> _ASSIGNMENT_
Each line of the data below between the one containing "The Vineyard Vines" and the one containing "Почтовый блок 2005", both included, is to be repeated exactly. Please omit pictures.

> _EXERCISE MATERIAL_
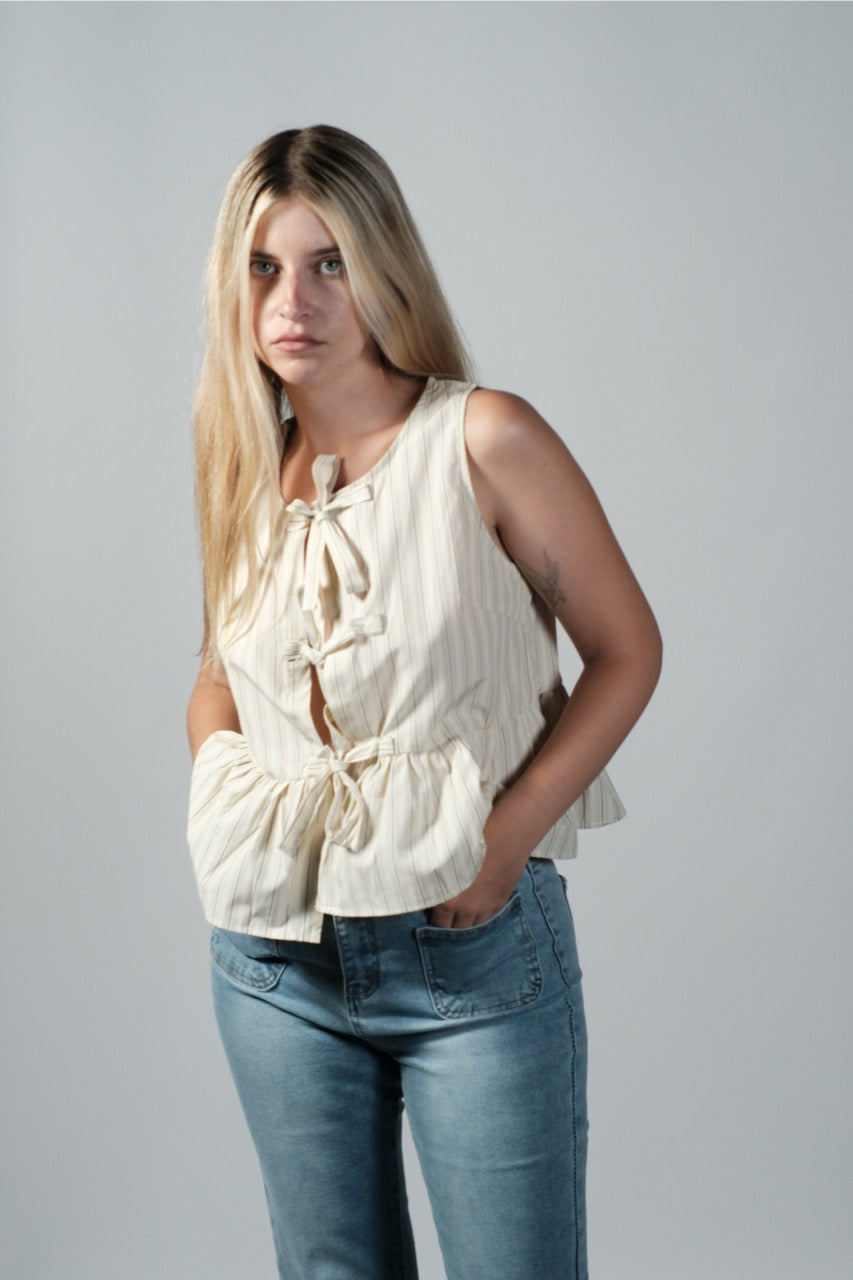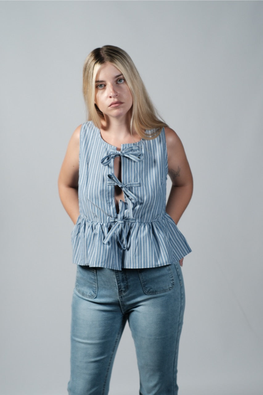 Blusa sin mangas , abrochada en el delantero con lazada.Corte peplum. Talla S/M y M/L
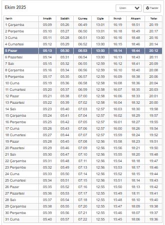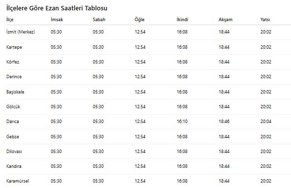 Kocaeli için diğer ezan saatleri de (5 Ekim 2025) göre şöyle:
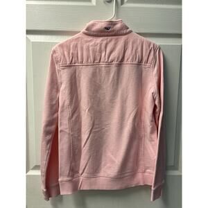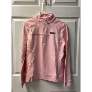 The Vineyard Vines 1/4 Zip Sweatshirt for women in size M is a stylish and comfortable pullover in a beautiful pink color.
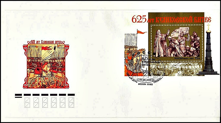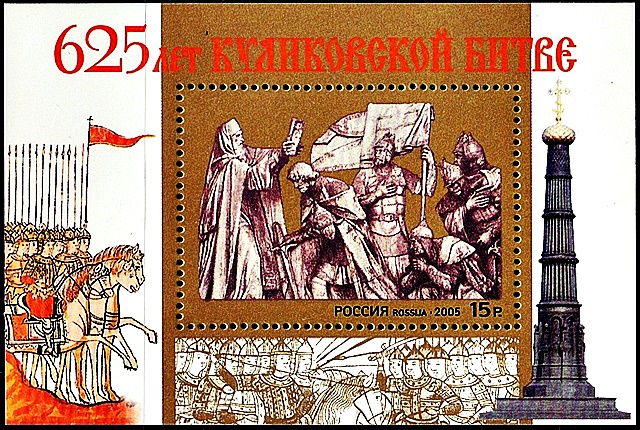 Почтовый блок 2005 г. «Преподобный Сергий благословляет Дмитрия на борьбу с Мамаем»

...

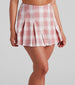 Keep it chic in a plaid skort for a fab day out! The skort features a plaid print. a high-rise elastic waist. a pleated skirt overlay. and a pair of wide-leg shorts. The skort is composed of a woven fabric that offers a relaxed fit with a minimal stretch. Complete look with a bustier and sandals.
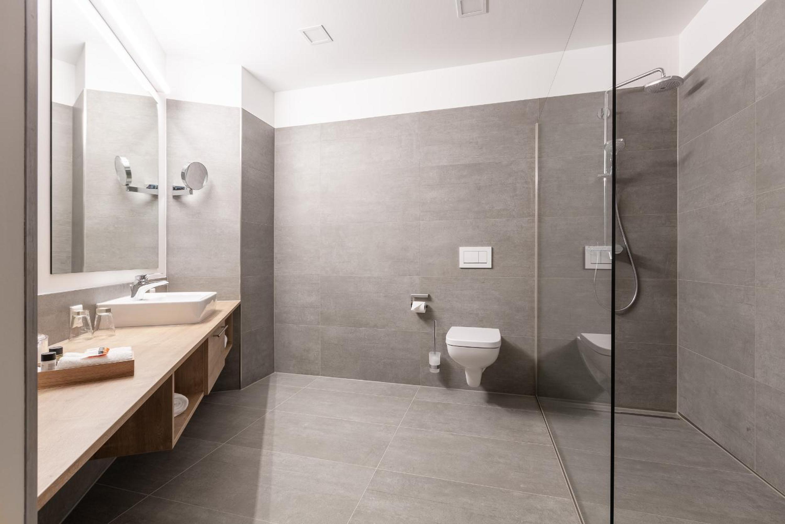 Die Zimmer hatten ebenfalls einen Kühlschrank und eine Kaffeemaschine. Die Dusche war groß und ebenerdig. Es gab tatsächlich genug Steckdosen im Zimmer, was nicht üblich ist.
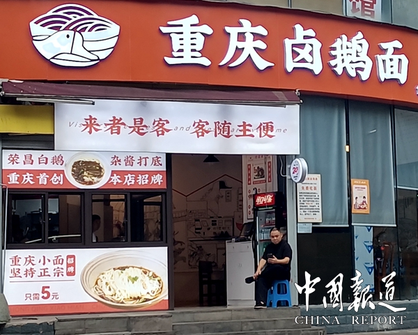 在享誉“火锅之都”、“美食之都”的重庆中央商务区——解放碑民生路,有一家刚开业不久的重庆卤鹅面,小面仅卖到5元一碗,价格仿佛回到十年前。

> _PROBLEM SOLUTION_
 The Vineyard Vines 1/4 Zip Sweatshirt for women in size M is a stylish and comfortable pullover in a beautiful pink color.
 Почтовый блок 2005 г. «Преподобный Сергий благословляет Дмитрия на борьбу с Мамаем»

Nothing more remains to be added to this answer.